Team stability is also really important, so that members can work out their relationships. The two founders of Pulse figured out that they were a good team together. Many startups, even Hewlett and Packard, start as a duo. Airlines have done research, for example, that shows that two pilots may be better than three for actually flying the plane, especially when things go wrong.

NCMM: How can teams promote accountability and squelch negative behaviors?

Sutton: The biggest problem is ambiguity. Managers have to make clear what "bad" looks like for them. Some organizations, like Mozilla for example, don't like secrecy, while companies like Apple demand secrecy and fire people who talk too openly.

When everyone on the team looks at everyone else, and roles aren't clearly defined, nobody does anything. One of the things that Apple did under Steve Jobs was to always have a D.R.I., which was a "directly responsible individual." That gets rid of ambiguity about who's responsible and promotes accountability.

NCMM: How should excellence be spread from teams to entire organizations?

Sutton: It's not like peanut butter. You can't spread things too thin. We talked earlier about Kaiser Permanente.
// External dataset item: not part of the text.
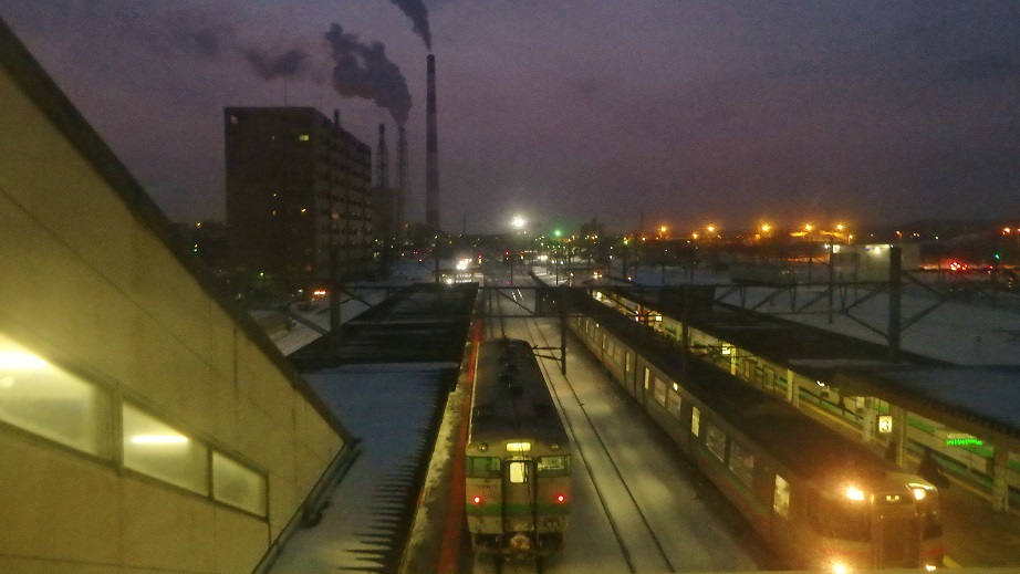 18時53分、列車は旭川に向け出発した。例年だとここまで来ると正直消化試合のような気分になってくる。気持ち的には半分旭川に足を突っ込んだように感じる。「あ~正月休みも終わりだな~。あとはこのまま現実世界へと戻って行くだけだなぁ~」と。今年は一人でなくお供が2人いるからかもしれんがまだ楽しい気持ちでいられる。明日は旭山動物園で夜はフェリーだ。久々の船旅も楽しみである。
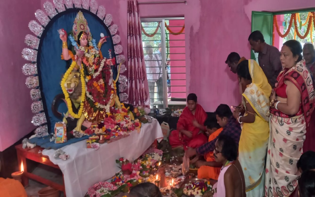 Seraikela Kharsawan : सरायकेला खरसावां के तलसाही स्थित श्रीराम कृष्ण तारक मठ में बुधवार को मां जगद्धात्री की पूजा उत्साह के साथ शुरू हुई. विधि-विधान से मंत्रोच्चारण के साथ मां जगधात्री की प्रतिमा स्थापित कर भक्तों ने परंपरागत ढंग से पूजा अर्चना की. बुधवार को मंदिर के पट खुलते ही मां के दर्शन के लिए भक्तों की भीड़ उमड़ पडी. पुजारी ने वैदिक मंत्रोच्चारण के साथ जगत को धारण करने वाली मां दुर्गा की शक्ति स्वरूपा जगद्धात्री की पूजा की. साथ ही मां जगद्धात्री से परिवार की सुख, शांति और समृद्वि का मन्नत मांगा. पूजा-अर्चना के दौरान विशेषकर बंगाली समुदाय के लोग काफी संख्या में जुटे. स्थानीय लोगों के साथ-साथ बड़ी संख्या में बंगाल से भी श्रद्धालु पहुंचे थे. इस दौरान भंडारा में लगभग तीन हजार भक्तों ने प्रसाद ग्रहण किया. कोरोना के कारण दो साल बाद यहां धूमधाम के साथ मां जगद्धात्री की पूजा के साथ साथ भंडारे का आयोजन किया गया.

The project manager, Louise Liang, had a budget of billions of dollars but she started by focusing only on getting Hawaii right. This is something President Obama should have considered [with the troubled health-care roll-out]. Liang first got Hawaii working, and then spread that success to the next group and the one after that. When Liang went to the next region after Hawaii, she took people from Hawaii to work with the next group and also invited members of the third group to watch. The past, present, and future were in one place, and everyone was learning.

What doesn't work is simply inviting a speaker, or organizing some event or three days of training, and then afterwards never mentioning the initiative again. And then starting the next one, while forgetting the previous initiative. That's just peanut butter spread too thin.